From line 295: could DRX with various level of impurity content also be mentioned to explain these rheological differences?

- Part 4.1.5:
line 310: at the bottom of Talos Dome ice core we very likely observe some stagnant ice (Montagnat et al. 2014), if you want to find a reference to illustrate this statement.
Line 314, again Faria et al. 2014 did not initiate the dynamic recrystallization conceptual models! Please refer to the original paper (cited in Faria et al by the way).
I don’t see the interest about separating SIBM-N and SIBM-O mechanisms since, discontinuous recrystallization contains both mechanisms, nucleation and grain boundary migration (owing to the reduction in stored strain energy). On top of that, nucleation is much more likely to end up with orientations different from the parent grains than grain boundary migration. This sentence is at least unclear, but maybe also not very accurate.

- Part 4.2: line 340 “we show that assumptions valid for other,…” what assumptions are you referring to?

- Part 4.4: line 365 “no strong grain-size dependence of the dominating deformation regimes”. To my point of view it also suggests that grain growth and grain size reduction are driven similarly, what goes in favor of continuous DRX, at least in the first part of the core.

- Part 4.5: First paragraph: It would be interesting (necessary?) to discuss the relative viscoplastic anisotropy resulting from these different fabrics observed along EastGRIP. In particular, is the crossed-girdle fabric resulting into a mechanical response strongly different from an isotropic fabric, or from the slight cluster fabric that is observed just above? If no, then why bother to try to simulate such a fabric development in an ice flow model?

Lines 402-404: when discontinuous dynamic recrystallization dominates, the fabric only reflects the stress conditions, and looses the strain history, so the estimated preserved duration could be even lower in the bottom part of the core. Maybe it would be worth mentioning it.
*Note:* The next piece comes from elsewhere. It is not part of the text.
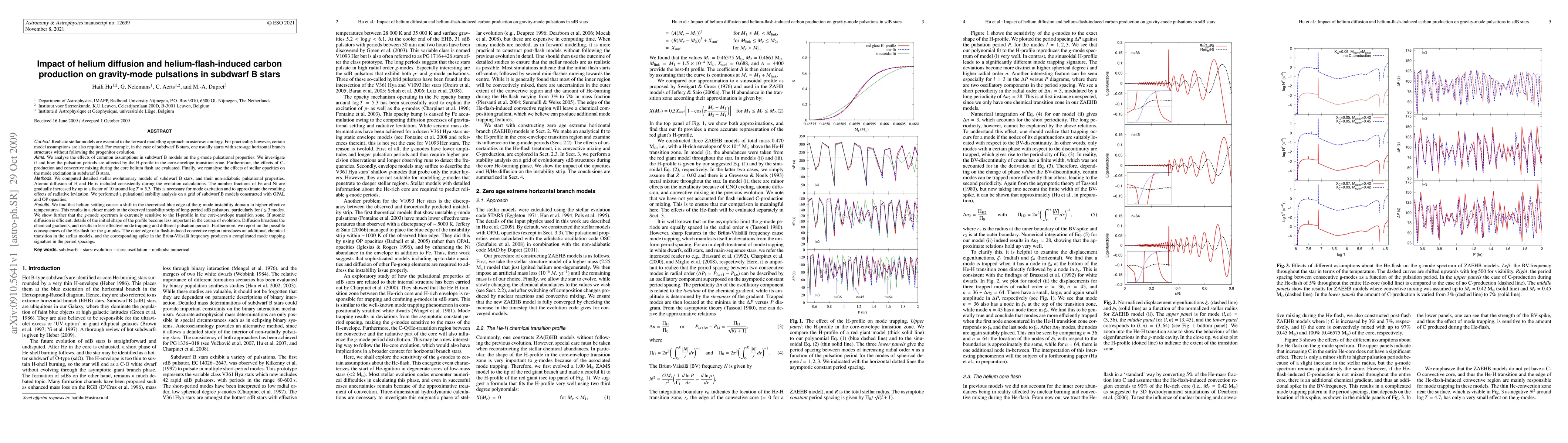 This study examines the impact of helium diffusion and helium-flash-induced carbon production on gravity-mode pulsations in subdwarf B stars, finding that helium settling shifts the theoretical instability domain to higher temperatures, aligning better with observed pulsators. The research also reveals that the g-mode spectrum is highly sensitive to the hydrogen profile in the core-envelope transition zone, with diffusion affecting mode trapping and pulsation periods.

Line 415: Please see my comment for part 4.1.2: the actual knowledge of dislocation slip systems activity and activation and the too weak information make this hypothesis of secondary slip system activity in EastGRIP very unlikely, and one of the less likely hypotheses over the ones mentioned in part 4.1.2. By bringing it back in the discussion part that way you put a relatively high weight on it and this is misleading.
At minimum, an estimation of the level of stress required to activate a secondary slip system with a high enough level of activity to explain the crossed-girdle texture must be provided. I doubt that this level of stress can be achieve at EastGRIP.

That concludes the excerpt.